While correlation does not imply causation, Raynor explained that “the rules can be applied to help today and tomorrow’s leaders increase the chances that their companies…will deliver decades of exceptional performance.” While managing current portfolio companies — or reviewing new investments — it is worthwhile to consider whether the companies abide by these basic rules.
Better Before Cheaper
In their analysis, Raynor and Ahmed learned that the most successful companies were those that were focused on outperforming the competition through quality — not price. Raynor explained, “Competitive positions built on greater differentiation through brand, style, or reliability are more likely to drive exceptional performance than positions built on lower prices.”
While a strategy focused on price differentiation may yield short-term dominance, it can often be unsustainable. If a portfolio company has gained market leadership through price differentiation, the superior position may be easily shaken with the introduction of new players or shifts in industry dynamics. While a company can adjust its prices, the key to successful execution is not “whether your prices are lower than they used to be but that they remain higher than your rivals’’,” explained Raynor.
Raynor cautioned, “We don’t mean to suggest that a company can afford to ignore its relative price position.” The findings simply suggest that “outstanding performance is caused by greater value and not by lower price. Companies seeking sustained, exceptional profitability should pursue strategies that are consistent with this rule and avoid those that aren’t.” Raynor continued by explaining that the most successful companies, “rely much more on gross margins than on lower costs for their profitability advantage.”
Revenue Before Cost
The second major strategy that has helped guide certain companies to success is the philosophy of “Revenue Before Cost.” The focus on driving profitability through higher revenue — not lower costs — has proven to be a means for companies to achieve consistent excellence, despite micro- and macro-fluctuations.
Raynor explained, “Companies must not only create value but also capture it in the form of profits. By an overwhelming margin, exceptional companies garner superior profits by achieving higher revenue than their rivals, through either higher prices or greater volume.” He continued, “Very rarely is cost leadership a driver of superior profitability.”

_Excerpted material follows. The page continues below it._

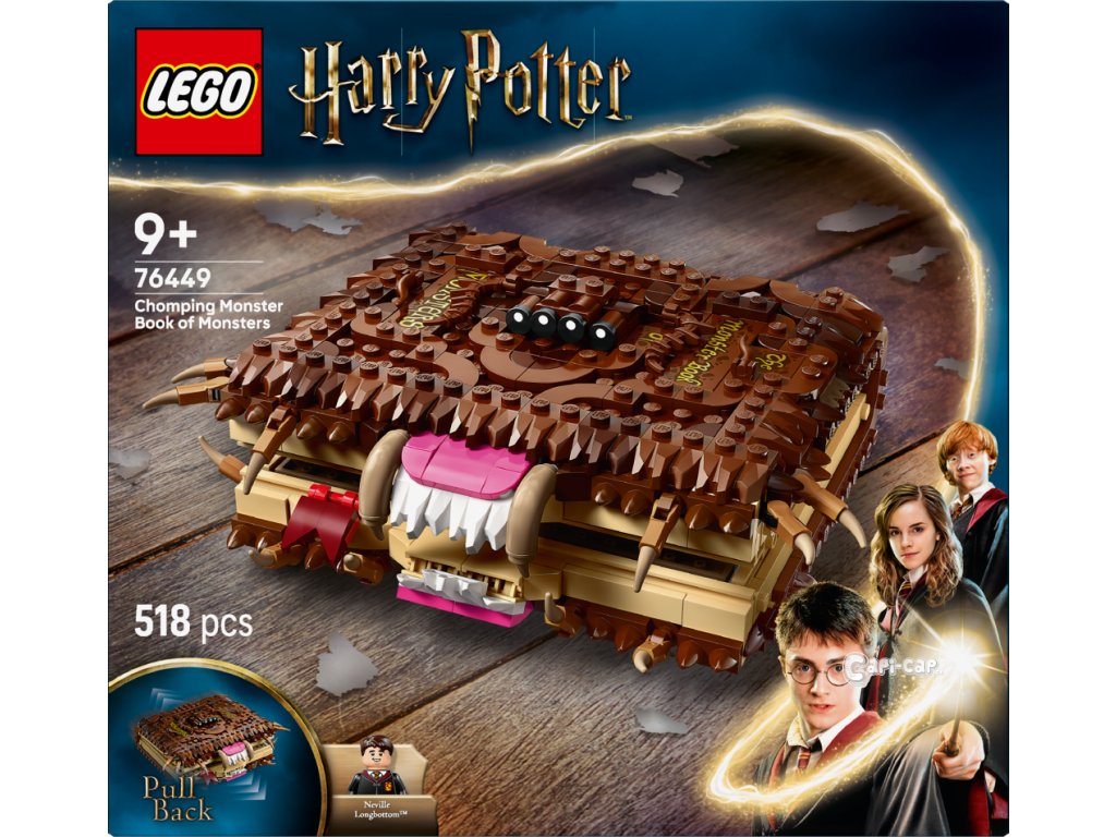 Tato zábavná fantasy stavebnice obsahuje propracovanou kostkovou repliku Obludného obludária, učebnice o péči o kouzelné tvory. Model má skrytá kola a natahovací funkci – knihu položte na rovnou plochu, natáhněte, pusťte ji a sledujte, jak se řítí pryč a při tom žvýká.

While cutting costs can be helpful for growth, prioritizing cost efficiency can leave a company focused on its change over time — and not change relative to competition. As Raynor explained in his HBR podcast, “you don’t compete with yourself last year. You compete with your competition today. And so very frequently, organizations have to be more efficient to find ways to cut costs over time simply to stand still with respect to their competition.” If the focus is on cutting costs, especially over time, chances are the company will be stalled.
There Are No Other Rules
Raynor and Ahmed learned that there were no other overarching rules to predict long-term success. As a result, the third rule is do whatever it takes to satisfy rules one and two.
To help companies adopt these strategies, Raynor encourages them to first “get a clear picture of your company’s competitive position and profitability formula.” With this snapshot in mind, “The next time you find yourself having to allocate scarce resources among competing priorities, think about which initiatives will contribute most to enhancing the non-price elements of your position and which will allow you to charge higher prices or to sell in greater volume. Then give those the nod.”